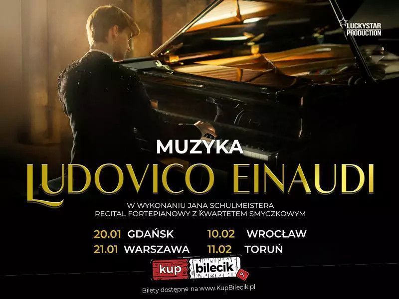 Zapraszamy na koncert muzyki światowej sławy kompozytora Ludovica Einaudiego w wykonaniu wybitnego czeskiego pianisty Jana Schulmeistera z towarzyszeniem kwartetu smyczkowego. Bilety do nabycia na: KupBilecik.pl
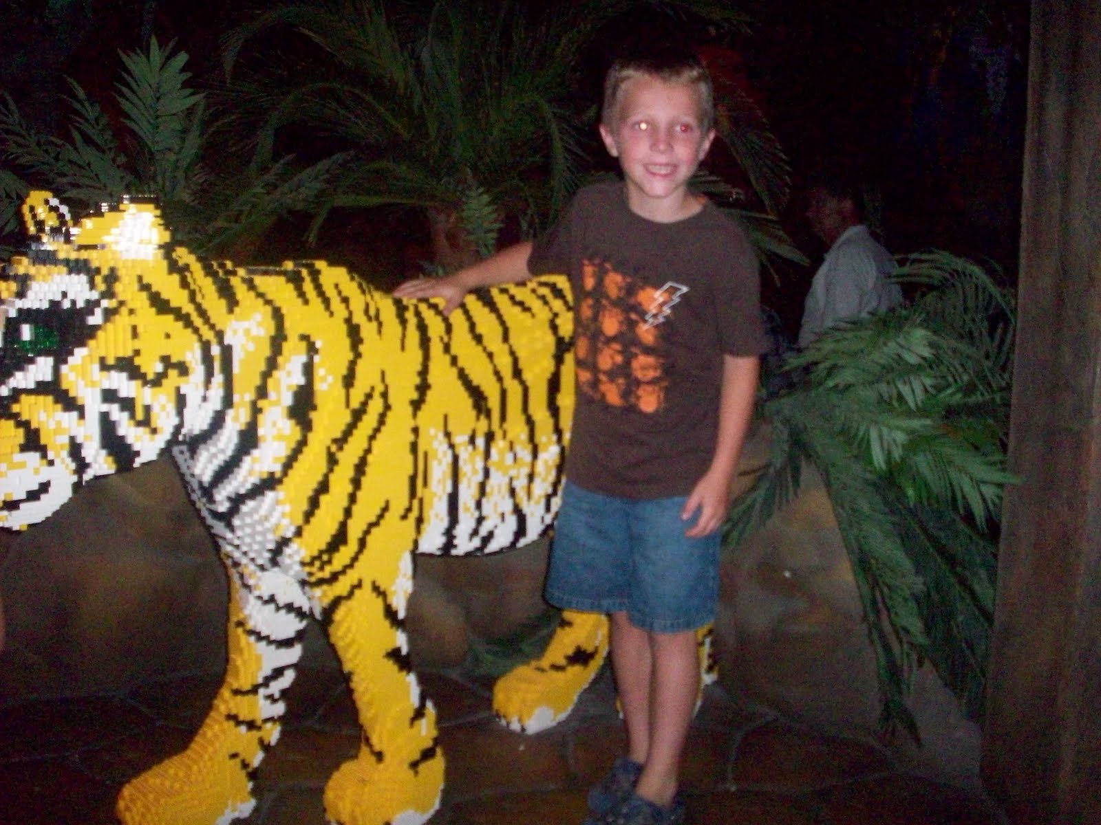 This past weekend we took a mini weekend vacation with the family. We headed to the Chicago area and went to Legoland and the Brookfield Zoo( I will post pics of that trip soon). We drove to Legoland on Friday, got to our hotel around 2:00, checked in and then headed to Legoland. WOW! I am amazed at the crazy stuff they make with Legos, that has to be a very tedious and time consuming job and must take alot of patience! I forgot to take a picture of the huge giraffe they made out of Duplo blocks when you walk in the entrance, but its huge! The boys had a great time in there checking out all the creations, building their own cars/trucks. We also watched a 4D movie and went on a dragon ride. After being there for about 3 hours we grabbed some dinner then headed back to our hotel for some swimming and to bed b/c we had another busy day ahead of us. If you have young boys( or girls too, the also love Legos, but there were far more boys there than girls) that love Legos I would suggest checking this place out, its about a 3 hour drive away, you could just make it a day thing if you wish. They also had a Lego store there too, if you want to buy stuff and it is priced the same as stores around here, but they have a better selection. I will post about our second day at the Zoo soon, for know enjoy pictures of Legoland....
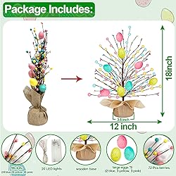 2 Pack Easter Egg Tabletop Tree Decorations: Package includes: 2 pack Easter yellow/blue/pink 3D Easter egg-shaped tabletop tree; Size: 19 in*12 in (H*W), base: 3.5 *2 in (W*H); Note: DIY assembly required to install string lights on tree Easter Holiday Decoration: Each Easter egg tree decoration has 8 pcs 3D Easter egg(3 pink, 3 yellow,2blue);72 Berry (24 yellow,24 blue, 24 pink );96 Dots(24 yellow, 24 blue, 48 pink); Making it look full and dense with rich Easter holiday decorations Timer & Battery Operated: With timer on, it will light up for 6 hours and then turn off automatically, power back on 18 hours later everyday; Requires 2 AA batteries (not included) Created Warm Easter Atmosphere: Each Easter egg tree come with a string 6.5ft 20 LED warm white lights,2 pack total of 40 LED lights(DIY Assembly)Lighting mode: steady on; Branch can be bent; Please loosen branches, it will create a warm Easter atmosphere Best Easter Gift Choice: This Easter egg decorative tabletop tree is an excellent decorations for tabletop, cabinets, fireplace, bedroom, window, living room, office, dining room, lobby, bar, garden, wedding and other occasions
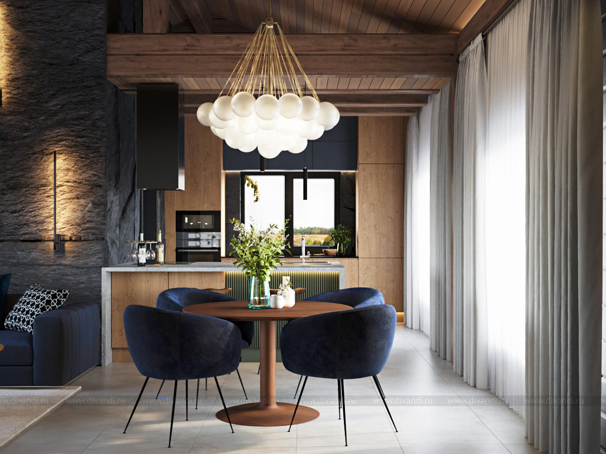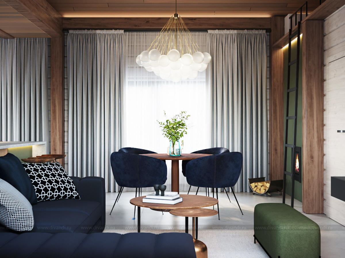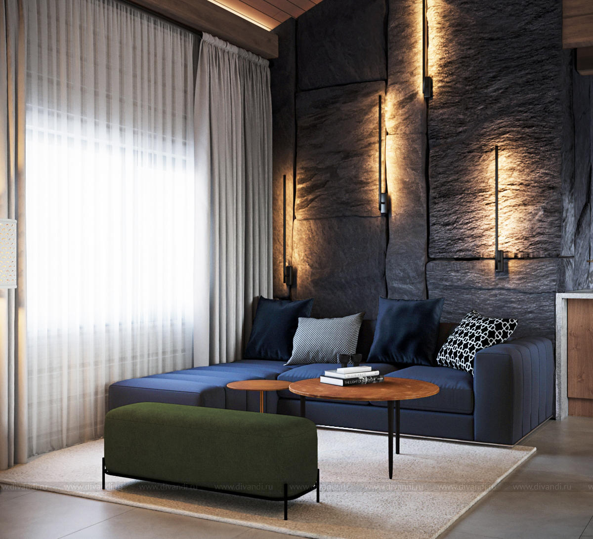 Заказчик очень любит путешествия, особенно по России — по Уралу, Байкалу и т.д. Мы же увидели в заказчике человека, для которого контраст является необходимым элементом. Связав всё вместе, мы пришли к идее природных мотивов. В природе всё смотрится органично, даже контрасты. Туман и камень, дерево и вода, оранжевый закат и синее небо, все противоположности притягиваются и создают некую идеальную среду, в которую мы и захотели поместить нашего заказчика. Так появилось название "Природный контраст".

What to work on: Once the pictures are dropped, please print every remaining line of the material verbatim.

Written answer:
 Zapraszamy na koncert muzyki światowej sławy kompozytora Ludovica Einaudiego w wykonaniu wybitnego czeskiego pianisty Jana Schulmeistera z towarzyszeniem kwartetu smyczkowego. Bilety do nabycia na: KupBilecik.pl
 This past weekend we took a mini weekend vacation with the family. We headed to the Chicago area and went to Legoland and the Brookfield Zoo( I will post pics of that trip soon). We drove to Legoland on Friday, got to our hotel around 2:00, checked in and then headed to Legoland. WOW! I am amazed at the crazy stuff they make with Legos, that has to be a very tedious and time consuming job and must take alot of patience! I forgot to take a picture of the huge giraffe they made out of Duplo blocks when you walk in the entrance, but its huge! The boys had a great time in there checking out all the creations, building their own cars/trucks. We also watched a 4D movie and went on a dragon ride. After being there for about 3 hours we grabbed some dinner then headed back to our hotel for some swimming and to bed b/c we had another busy day ahead of us. If you have young boys( or girls too, the also love Legos, but there were far more boys there than girls) that love Legos I would suggest checking this place out, its about a 3 hour drive away, you could just make it a day thing if you wish. They also had a Lego store there too, if you want to buy stuff and it is priced the same as stores around here, but they have a better selection. I will post about our second day at the Zoo soon, for know enjoy pictures of Legoland....
 2 Pack Easter Egg Tabletop Tree Decorations: Package includes: 2 pack Easter yellow/blue/pink 3D Easter egg-shaped tabletop tree; Size: 19 in*12 in (H*W), base: 3.5 *2 in (W*H); Note: DIY assembly required to install string lights on tree Easter Holiday Decoration: Each Easter egg tree decoration has 8 pcs 3D Easter egg(3 pink, 3 yellow,2blue);72 Berry (24 yellow,24 blue, 24 pink );96 Dots(24 yellow, 24 blue, 48 pink); Making it look full and dense with rich Easter holiday decorations Timer & Battery Operated: With timer on, it will light up for 6 hours and then turn off automatically, power back on 18 hours later everyday; Requires 2 AA batteries (not included) Created Warm Easter Atmosphere: Each Easter egg tree come with a string 6.5ft 20 LED warm white lights,2 pack total of 40 LED lights(DIY Assembly)Lighting mode: steady on; Branch can be bent; Please loosen branches, it will create a warm Easter atmosphere Best Easter Gift Choice: This Easter egg decorative tabletop tree is an excellent decorations for tabletop, cabinets, fireplace, bedroom, window, living room, office, dining room, lobby, bar, garden, wedding and other occasions
 Заказчик очень любит путешествия, особенно по России — по Уралу, Байкалу и т.д. Мы же увидели в заказчике человека, для которого контраст является необходимым элементом. Связав всё вместе, мы пришли к идее природных мотивов. В природе всё смотрится органично, даже контрасты. Туман и камень, дерево и вода, оранжевый закат и синее небо, все противоположности притягиваются и создают некую идеальную среду, в которую мы и захотели поместить нашего заказчика. Так появилось название "Природный контраст".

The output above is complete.